§ **PROBLEM REQUIREMENTS**: Your answer must be an exact copy of the entries below, with every picture removed.

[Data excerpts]
——————————

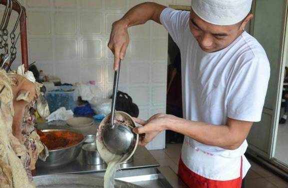 这师傅正在给顾客煮羊汤,他们家的羊汤都是提前熬好的,每天半夜就得爬起来熬汤,要忙到后半夜才能做完,然后早上就开门营业了,生意的火爆不容得他们偷懒
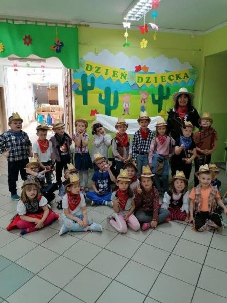 1.czerwca w naszym przedszkolu odbyła się prawdziwa podróż w czasie. Przenieśliśmy się na Dziki Zachód – do czasów zręcznych kowbojów, dzielnych szeryfów i poskramiaczy bizonów. Każdy uczestnik zabawy zaopatrzył się w odpowiedni strój, a na korytarzu pojawiły się tory z zadaniami rodem z Ameryki. Było rzucanie piłką do celu, poszukiwanie złota, zarzucanie „lassa”na konia, balansowanie z kapeluszem kowbojskim, przejście pod przeszkodą, wyścigi w workach. Dzieci bawiły się świetnie. Na koniec każdy otrzymał drobny upominek. Każda grupa zrobiła sobie też zdjęcie przy, przygotowanym na tę okazję, wozie amerykańskich pionierów. To był naprawdę wystrzałowy Dzień Dziecka.
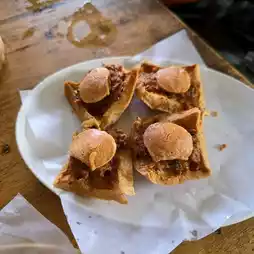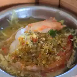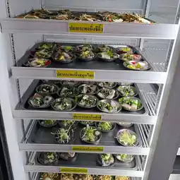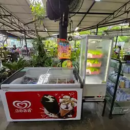 The shop has an open and airy atmosphere next to a mangrove forest. There are many dim sum to choose from, both steamed and fried. Prices start at 35 baht per steamer. Customers can pick their favorite dim sum from the freezer and put it on a tray for the shop to steam or fry as desired. Recommended menu items include homemade dumplings filled with only shrimp, wrapped in thin and soft dough, shrimp dumplings with sweet flavor and chewy shrimp as the highlight, various steamed fish, sliced into pieces, the freshness of the sea bass makes it taste delicious together, various steamed shrimp, large shrimp, fresh and delicious together.
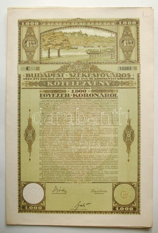 1920. "Budapest Székesfőváros" kötelezvénye 1000K-ról szelvényekkel ma... https://www.darabanth.com/hu/175-Gyorsarveres/175.0/Numizmatika/Reszvenyek-es-sorsjegyek~1200084/1920-Budapest-Szekesfovaros-kotelezvenye-1000K-rol-szelvenyekkel-magyar-es-nemet-nyelven~II577682
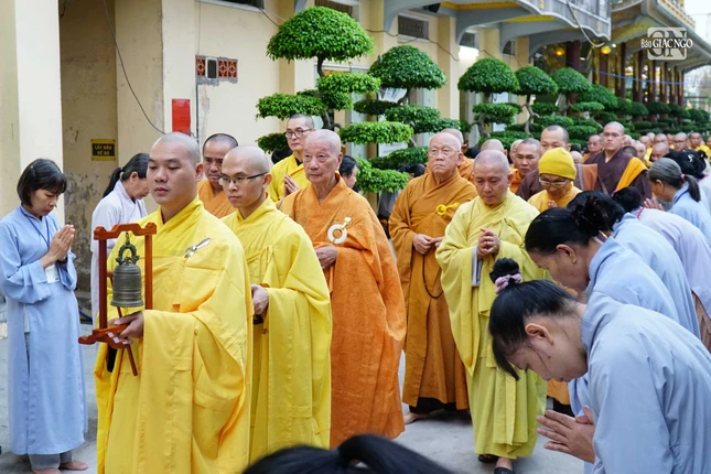 Tháp tùng Đức Pháp chủ có chư vị Trưởng lão Hội đồng Chứng minh: Trưởng lão Hòa thượng Viên Minh, Phó Pháp chủ; Trưởng lão Hòa thượng Thích Như Niệm, Phó Thư ký; chư vị Ủy viên Thường trực: Trưởng lão Hòa thượng Giác Tường, Trưởng lão Hòa thượng Thích Như Tín, Hòa thượng Thích Minh Thông; cùng vị Trưởng lão Thành viên Hội đồng Chứng minh GHPGVN.
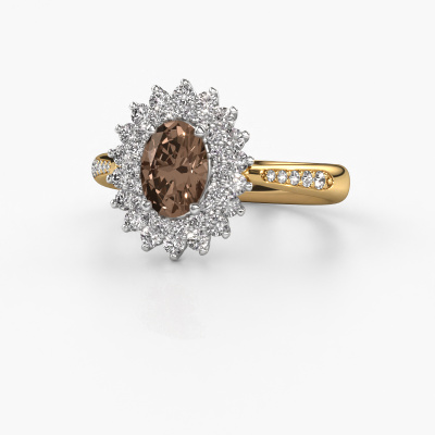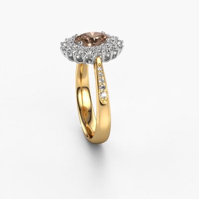 Der oben gezeigte Ring, mit dem Namen Alina 2, nennen wir einen Cluster Verlobungsring. Der Cluster Ring trägt einem zentralen Edelstein, umgeben von kleineren Steinen. Diese Version in 14 Karat Gold hat einen oval Braun Diamant von oval als Mittelstein, umschlossen von kleineren Diamanten. Was diesen exklusive Gold Cluster Ring besonders macht, sind die kleinen Edelsteine rund um den zentralen Braun Diamant, die wie eine schöne Blume geformt sind. Der umgebende Steinkranz umrahmt den Mittelstein so, dass er größer erscheint. Diese Art von Verlobungsring wird auch Blumen- oder Rosettenring genannt. Es ist sehr wichtig, dass die kleineren Braune Diamanten identisch positioniert sind, so dass es kein Spiel im Licht, sondern eine perfekte Einheit ergibt. Unsere erfahrenen Juweliere erledigen diese Arbeit. Jeder einzelne Stein wird sorgfältig von Hand gesetzt. Während der Herstellung wird der Lichteinfall ständig überwacht, um sicherzustellen, dass der spezielle Cluster-Effekt noch sichtbar ist. Am Ende bekommen Sie den perfekten Verlobungsring mit einem strahlenden Braun Diamant Edelstein Herzstück. Sie können sich die Wirkung eines solchen Ringes vorstellen, wenn Sie ihn an ihrem besonderen Tag für die Liebe Ihres Lebens zum Leuchten bringen. Jedes Schmuckstück wird nur für Sie persönlich hergestellt, mit Liebe zum Detail und Design.Durch die Kombination modernster Technik mit uralter Handwerkskunst können wir alle Verlobungsringe in unserem eigenen Studio anfertigen. Jedes Schmuckstück wird auf Anfrage gefertigt. Das ist vorteilhaft, weil wir Ihnen dadurch einen Preis anbieten können, den Sie nirgendwo anders finden.Haben Sie irgendwo einen bestimmten Verlobungsring gefunden, den Sie Ihrem Liebsten schenken möchten? Sie können uns gerne sagen, was Sie wollen und wir werden Ihr Design in einen Einzigartigen exklusive Verlobungsring verwandeln. Sie können die Entwicklungen Ihres Ringdesigns verfolgen, da wir 3D-Zeichnungen verwenden. Das gibt Ihnen eine realistische Vorschau, wie Ihr Design aussehen wird. Sie können auch einen Dummy vorbestellen. Ein Dummy ist ein Kunststoffring, der nach Ihrem Ringdesign gestaltet werden kann. Sie können ihn anprobieren und prüfen, ob seine Breite und Größe für Sie geeignet sind. Wir senden Ihnen gerne ein unverbindliches Angebot zu einem fairen Preis/Leistungsverhältnis. Sie werden in Anbetracht der Qualität des Rings und der Edelsteine überrascht sein.Um es einfacher zu machen, bieten wir eine kostenlose 30-tägige Rücksendung.
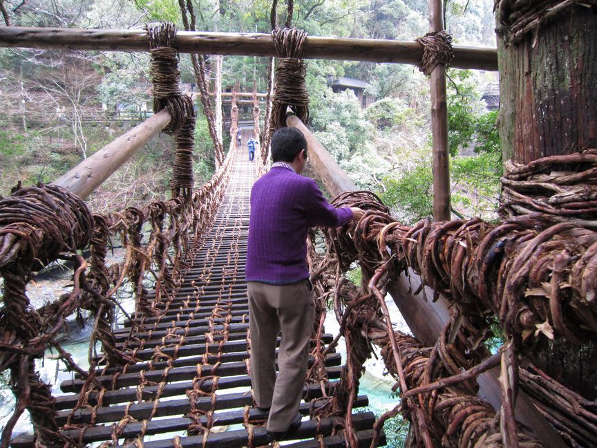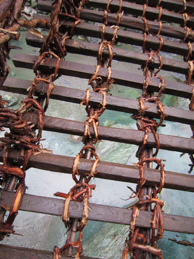 外から見ていると短い橋で大したことないと思っていましたが、実際に橋を歩くと足元から深い川底が見えるので怖くて怖くて…。渡るのに10分くらい掛かってしまいました。旅館の人から「かずら橋1基作るのにかずらが6トンくらい必要で、昔は16基もあったが今では3基しか残っていない。今年は3年に1度の橋の架け替えの年で、親子3代が一緒に橋を渡るという儀式も行った」とのことでした。私たちは新しい橋を渡ることができたようです。

——————————

§ **EXERCISE ANSWER**:
 这师傅正在给顾客煮羊汤,他们家的羊汤都是提前熬好的,每天半夜就得爬起来熬汤,要忙到后半夜才能做完,然后早上就开门营业了,生意的火爆不容得他们偷懒
 1.czerwca w naszym przedszkolu odbyła się prawdziwa podróż w czasie. Przenieśliśmy się na Dziki Zachód – do czasów zręcznych kowbojów, dzielnych szeryfów i poskramiaczy bizonów. Każdy uczestnik zabawy zaopatrzył się w odpowiedni strój, a na korytarzu pojawiły się tory z zadaniami rodem z Ameryki. Było rzucanie piłką do celu, poszukiwanie złota, zarzucanie „lassa”na konia, balansowanie z kapeluszem kowbojskim, przejście pod przeszkodą, wyścigi w workach. Dzieci bawiły się świetnie. Na koniec każdy otrzymał drobny upominek. Każda grupa zrobiła sobie też zdjęcie przy, przygotowanym na tę okazję, wozie amerykańskich pionierów. To był naprawdę wystrzałowy Dzień Dziecka.
 The shop has an open and airy atmosphere next to a mangrove forest. There are many dim sum to choose from, both steamed and fried. Prices start at 35 baht per steamer. Customers can pick their favorite dim sum from the freezer and put it on a tray for the shop to steam or fry as desired. Recommended menu items include homemade dumplings filled with only shrimp, wrapped in thin and soft dough, shrimp dumplings with sweet flavor and chewy shrimp as the highlight, various steamed fish, sliced into pieces, the freshness of the sea bass makes it taste delicious together, various steamed shrimp, large shrimp, fresh and delicious together.
 1920. "Budapest Székesfőváros" kötelezvénye 1000K-ról szelvényekkel ma... https://www.darabanth.com/hu/175-Gyorsarveres/175.0/Numizmatika/Reszvenyek-es-sorsjegyek~1200084/1920-Budapest-Szekesfovaros-kotelezvenye-1000K-rol-szelvenyekkel-magyar-es-nemet-nyelven~II577682
 Tháp tùng Đức Pháp chủ có chư vị Trưởng lão Hội đồng Chứng minh: Trưởng lão Hòa thượng Viên Minh, Phó Pháp chủ; Trưởng lão Hòa thượng Thích Như Niệm, Phó Thư ký; chư vị Ủy viên Thường trực: Trưởng lão Hòa thượng Giác Tường, Trưởng lão Hòa thượng Thích Như Tín, Hòa thượng Thích Minh Thông; cùng vị Trưởng lão Thành viên Hội đồng Chứng minh GHPGVN.
 Der oben gezeigte Ring, mit dem Namen Alina 2, nennen wir einen Cluster Verlobungsring. Der Cluster Ring trägt einem zentralen Edelstein, umgeben von kleineren Steinen. Diese Version in 14 Karat Gold hat einen oval Braun Diamant von oval als Mittelstein, umschlossen von kleineren Diamanten. Was diesen exklusive Gold Cluster Ring besonders macht, sind die kleinen Edelsteine rund um den zentralen Braun Diamant, die wie eine schöne Blume geformt sind. Der umgebende Steinkranz umrahmt den Mittelstein so, dass er größer erscheint. Diese Art von Verlobungsring wird auch Blumen- oder Rosettenring genannt. Es ist sehr wichtig, dass die kleineren Braune Diamanten identisch positioniert sind, so dass es kein Spiel im Licht, sondern eine perfekte Einheit ergibt. Unsere erfahrenen Juweliere erledigen diese Arbeit. Jeder einzelne Stein wird sorgfältig von Hand gesetzt. Während der Herstellung wird der Lichteinfall ständig überwacht, um sicherzustellen, dass der spezielle Cluster-Effekt noch sichtbar ist. Am Ende bekommen Sie den perfekten Verlobungsring mit einem strahlenden Braun Diamant Edelstein Herzstück. Sie können sich die Wirkung eines solchen Ringes vorstellen, wenn Sie ihn an ihrem besonderen Tag für die Liebe Ihres Lebens zum Leuchten bringen. Jedes Schmuckstück wird nur für Sie persönlich hergestellt, mit Liebe zum Detail und Design.Durch die Kombination modernster Technik mit uralter Handwerkskunst können wir alle Verlobungsringe in unserem eigenen Studio anfertigen. Jedes Schmuckstück wird auf Anfrage gefertigt. Das ist vorteilhaft, weil wir Ihnen dadurch einen Preis anbieten können, den Sie nirgendwo anders finden.Haben Sie irgendwo einen bestimmten Verlobungsring gefunden, den Sie Ihrem Liebsten schenken möchten? Sie können uns gerne sagen, was Sie wollen und wir werden Ihr Design in einen Einzigartigen exklusive Verlobungsring verwandeln. Sie können die Entwicklungen Ihres Ringdesigns verfolgen, da wir 3D-Zeichnungen verwenden. Das gibt Ihnen eine realistische Vorschau, wie Ihr Design aussehen wird. Sie können auch einen Dummy vorbestellen. Ein Dummy ist ein Kunststoffring, der nach Ihrem Ringdesign gestaltet werden kann. Sie können ihn anprobieren und prüfen, ob seine Breite und Größe für Sie geeignet sind. Wir senden Ihnen gerne ein unverbindliches Angebot zu einem fairen Preis/Leistungsverhältnis. Sie werden in Anbetracht der Qualität des Rings und der Edelsteine überrascht sein.Um es einfacher zu machen, bieten wir eine kostenlose 30-tägige Rücksendung.
 外から見ていると短い橋で大したことないと思っていましたが、実際に橋を歩くと足元から深い川底が見えるので怖くて怖くて…。渡るのに10分くらい掛かってしまいました。旅館の人から「かずら橋1基作るのにかずらが6トンくらい必要で、昔は16基もあったが今では3基しか残っていない。今年は3年に1度の橋の架け替えの年で、親子3代が一緒に橋を渡るという儀式も行った」とのことでした。私たちは新しい橋を渡ることができたようです。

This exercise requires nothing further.